The Daytona 500 has been suspended until Monday afternoon for only the second time in the history of the season-opening NASCAR Cup series race after rain in Florida.
The race was originally scheduled to begin at 3.18pm local time, but the 40-strong field was held on pit-road for an hour as a light rain shower passed over the 2.5-mile superspeedway track.
It was more than an hour before two-time winner Dale Earnhardt Jr dropped the green flag just at 4.23pm local time.
Ricky Stenhouse Jr, who took pole position on his debut in the #47 JTG Daugherty Racing Chevrolet Camaro, led the field away and held position at the head of the pack for the 20 laps of racing that were possible before the red flag was thrown for rain.
That ultimately led to the suspension of the race until 4pm local time on Monday (9pm UK time).
Stenhouse was relatively untroubled in the lead, chased by a five-strong charge of Ford runners, led by 2015 winner Joey Logano in the #22 Penske, after Stenhouse’s fellow Camaro exponent Alex Bowman was unable to hold position for Hendrick Motorsports from the front row.
Aric Almirola, Ryan Newman, Kevin Harvick, Brad Keselowski all followed Logano in Mustangs, as William Byron, Jimmie Johnson – contesting his final Daytona 500 – Ty Dillon and rookie Timmy Hill rounded out the top 10 at the time of the race’s suspension.

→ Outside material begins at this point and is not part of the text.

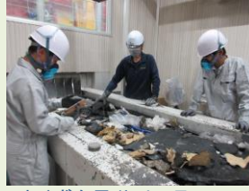
木くずを見分けて取って いきます。

The Toyota runners, led by reigning Cup champion Kyle Busch and Joe Gibbs Racing team-mate Martin Truex Jr, elected to drop to the rear of the field, for strategic reasons, with 45 laps of stage one still to be completed.
It is the first time since 2012 that the race will run on a Monday, when Roush Fenway Racing’s Matt Kenseth took his sole 500 victory in the disrupted running of the event.
That race did not finish until early on the Tuesday morning, after further rain and a lengthy red-flag period caused by Juan Pablo Montoya hitting a vehicle drying the circuit (pictured below).